A dependência dos modernos dispositivos tecnológicos de mediação simbólica em relação aos dois principais media funcionais de troca das sociedades desenvolvidas - o dinheiro e o poder - condiciona fortemente a sua existência e todas as suas capacidades performativas, mas não as esgota. Estes dispositivos, designados em geral por «mass media», tal como a indústria da cultura, a comunicação e a cultura de massa em geral dispõem de potencialidades e recursos que não se esgotam no espartilho (económico-político) dos media funcionais referidos. Isto não implica negar uma marca de homogeneização profunda que hoje em dia percorre o universo simbólico das nossas sociedades (e que a crítica frankfurteana muito bem sublinhou), mas deve também deixar lugar ao reconhecimento de que, a par desta tendência, a cultura dos nossos dias continua a evidenciar os vestígios contraditórios do universo simbólico da modernidade, persistindo em exprimir uma cultura autónoma que se afirma como irredutível aos imperativos sociais próprios das outras esferas de validade da vida social e da experiência simbólica - sejam elas a economia, o trabalho, a política ou a ciência 4.

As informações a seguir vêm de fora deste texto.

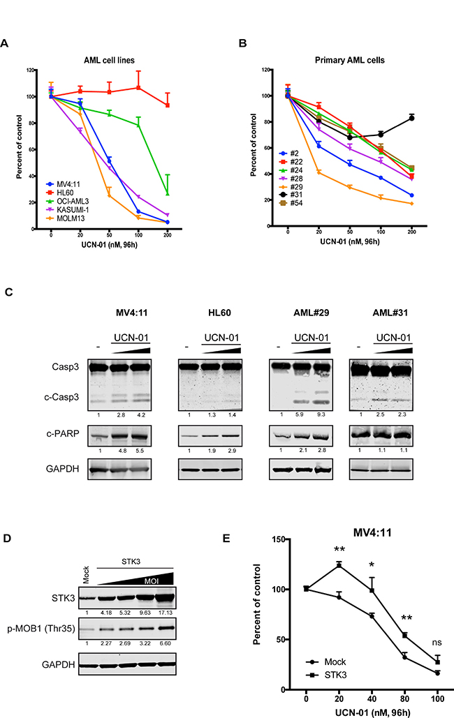 To test if UCN-01 treatment affects AML cell line growth, we incubated cells with increasing doses of UCN-01 and monitored proliferation rates. Remarkably, the results revealed a strong correlation between UCN-01 sensitivity and STK3 knock-down response in the tested lines (Figure 5A). Furthermore, this correlation also extended to primary AML samples (Figure 5B). In particular, HL60 and AML#31 cells were resistant to UCN-1 treatment, whereas other samples showed sensitivity to inhibitor treatment in a dose dependent manner. Moreover, further analyzes of the levels of pro-apoptotic (cleaved Caspase3 and cleaved PARP) proteins by western blot confirmed that UCN-01 induces apoptosis in a dose dependent manner primarily in MV4:11 and AML#29 cells but not in HL60 and AML#31 cells (Figure 5C). To validate a causal link between the UCN-1 induced proliferative effects via STK3 inhibition, we performed STK3 over-expression studies in combination with UCN-1 treatment. We reasoned that over-expression of STK3 should make the cells more resistant to UCN-01 treatment. We first confirmed that over-expression of STK3 gave rise to a functional form of the STK3 kinase based on the increased phosphorylation levels of the downstream substrate MOB1 (Figure 5D). We then applied UCN-01 to cells at increasing concentrations and compared the growth rates of wild-type and STK3 over-expressing cells. We observed that MV4:11 cells over-expressing STK3 were more resistant to drug exposure (Figure 5E), further supporting that UCN-1 inhibits STK3 and that this inhibition leads to cell death in sensitive AML cells.
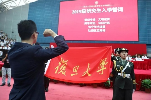 “胸怀远大理想,关注人类命运,忠于祖国,热爱人民,探求真知,遵纪守法,文明诚信,博学笃志,切问近思,追求卓越,恪守学术道德,弘扬复旦精神,为学校争光添彩,为国家贡献力量!” 全场新生在研究生会主席、化学系2016级直博生朱嘉星的带领下庄严宣誓。在主席台前排就座的校领导和老师亲切地为新生代表佩戴上校徽。从此,大家拥有了一个共同的名字——“复旦人”。

Isto significa que, hoje em dia, não é aceitável uma teoria da indústria da cultura ignorante (ou negligente) da realidade dos media, em termos não só da sua economia-política, mas também da sua realidade simbólica de ordem mais geral. A economia-política dos media é indispensável, mas só por si não constitui uma teoria geral dos media.

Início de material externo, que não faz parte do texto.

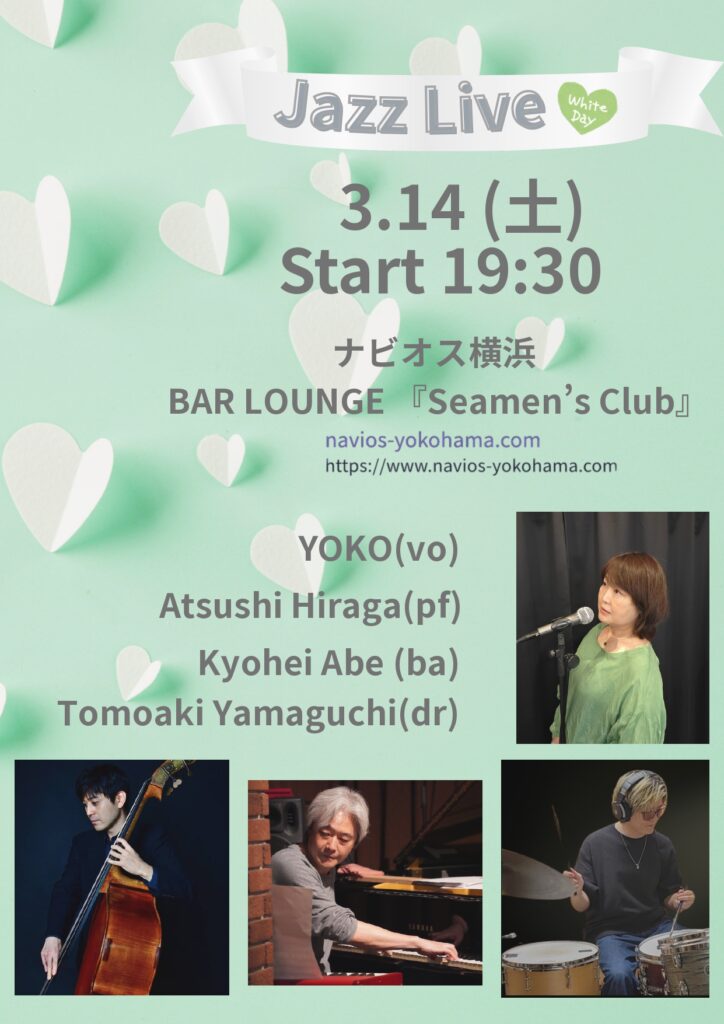 BAR LOUNGE 『Seamen’s Club』 3月14日(土)営業につきましては、JAZZ LIVEのため、19時30分からお一人様500円のミュージックチャージを頂きます。

Fenómenos   como  os  momentos  de  desejo  ambivalentes  que  atravessam   as formas simbólicas em circulação na nossa cultura, as articulações complexas de esperança e de ansiedade, as formas utópicas de rebeldia e de resistência que impregnam os bens culturais de uma forma geral; todos estes fenómenos só poderão ser compreendidos na sua plenitude por uma teoria da cultura que se encontre convenientemente sustentada por uma teoria dos media. A ausência deste suporte essencial condenou Adorno e Horkheimer a uma espécie de autismo teórico que os impediu de dar conta destes fenómenos (ou sequer de reconhecer a sua existência). É a partir de uma concepção da mediação social que o fenómeno da cultura pode ser pensado para além da estrita lógica da industrialização: no contexto essencial do universo simbólico de um Mundo de Vida racionalizado em que a própria cultura tem o seu enraizamento.

Como veio a reconhecer um dos últimos discípulos de Adorno, o diagnóstico que estabelece o desenvolvimento linear de um público de «debate de cultura» a um público de «consumo da cultura» é demasiado redutor 5, subestima grosseiramente o desenvolvimento de capacidades críticas que se encontram associadas às novas manifestações culturais - de um público que é mobilizado por estas manifestações de  forma muito complexa, não apenas de acordo com os padrões de uma recepção conformista (submissão à estrutura da oferta), mas também através de outras estratégias mais afirmativas, interpondo as suas próprias interpretações ou combiando umas e as outras de forma imprevisível 6.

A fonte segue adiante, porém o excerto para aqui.